* _DATA SECTION_:
*****

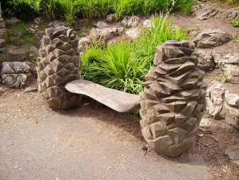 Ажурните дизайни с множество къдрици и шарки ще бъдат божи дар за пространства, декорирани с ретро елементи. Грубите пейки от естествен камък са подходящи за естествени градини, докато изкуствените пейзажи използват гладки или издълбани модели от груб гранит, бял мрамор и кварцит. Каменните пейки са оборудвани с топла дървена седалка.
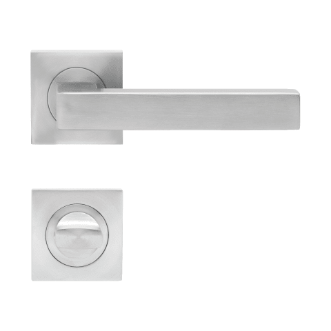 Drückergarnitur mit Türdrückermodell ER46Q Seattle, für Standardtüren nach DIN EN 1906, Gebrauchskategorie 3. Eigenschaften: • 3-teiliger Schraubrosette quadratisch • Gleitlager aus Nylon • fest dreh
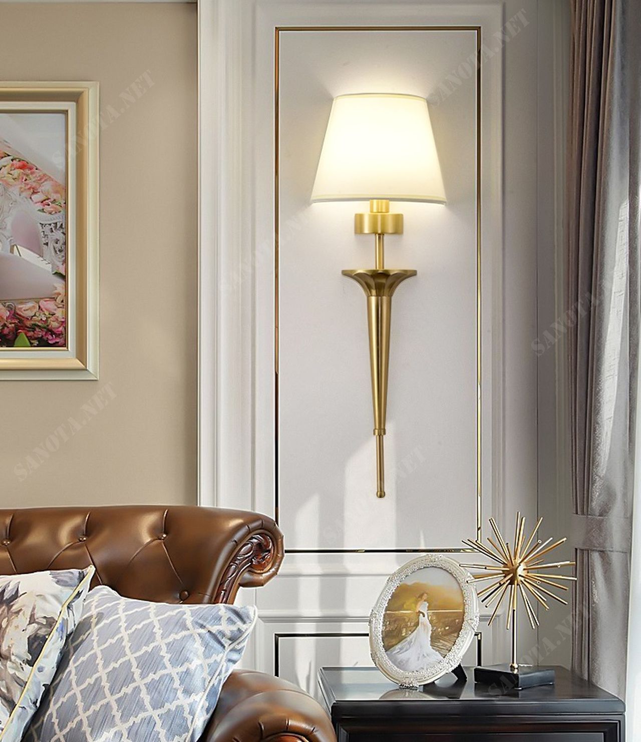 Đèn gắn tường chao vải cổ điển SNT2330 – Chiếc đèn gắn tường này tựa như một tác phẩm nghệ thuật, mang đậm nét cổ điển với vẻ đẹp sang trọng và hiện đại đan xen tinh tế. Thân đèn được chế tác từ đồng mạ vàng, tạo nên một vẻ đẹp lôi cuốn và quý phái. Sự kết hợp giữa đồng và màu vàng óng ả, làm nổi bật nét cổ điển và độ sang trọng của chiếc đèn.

*****

* _PROBLEM_:
The response should reproduce all the material above exactly and leave out its pictures.

* _SOLUTION FOR THIS EXERCISE_:
 Ажурните дизайни с множество къдрици и шарки ще бъдат божи дар за пространства, декорирани с ретро елементи. Грубите пейки от естествен камък са подходящи за естествени градини, докато изкуствените пейзажи използват гладки или издълбани модели от груб гранит, бял мрамор и кварцит. Каменните пейки са оборудвани с топла дървена седалка.
 Drückergarnitur mit Türdrückermodell ER46Q Seattle, für Standardtüren nach DIN EN 1906, Gebrauchskategorie 3. Eigenschaften: • 3-teiliger Schraubrosette quadratisch • Gleitlager aus Nylon • fest dreh
 Đèn gắn tường chao vải cổ điển SNT2330 – Chiếc đèn gắn tường này tựa như một tác phẩm nghệ thuật, mang đậm nét cổ điển với vẻ đẹp sang trọng và hiện đại đan xen tinh tế. Thân đèn được chế tác từ đồng mạ vàng, tạo nên một vẻ đẹp lôi cuốn và quý phái. Sự kết hợp giữa đồng và màu vàng óng ả, làm nổi bật nét cổ điển và độ sang trọng của chiếc đèn.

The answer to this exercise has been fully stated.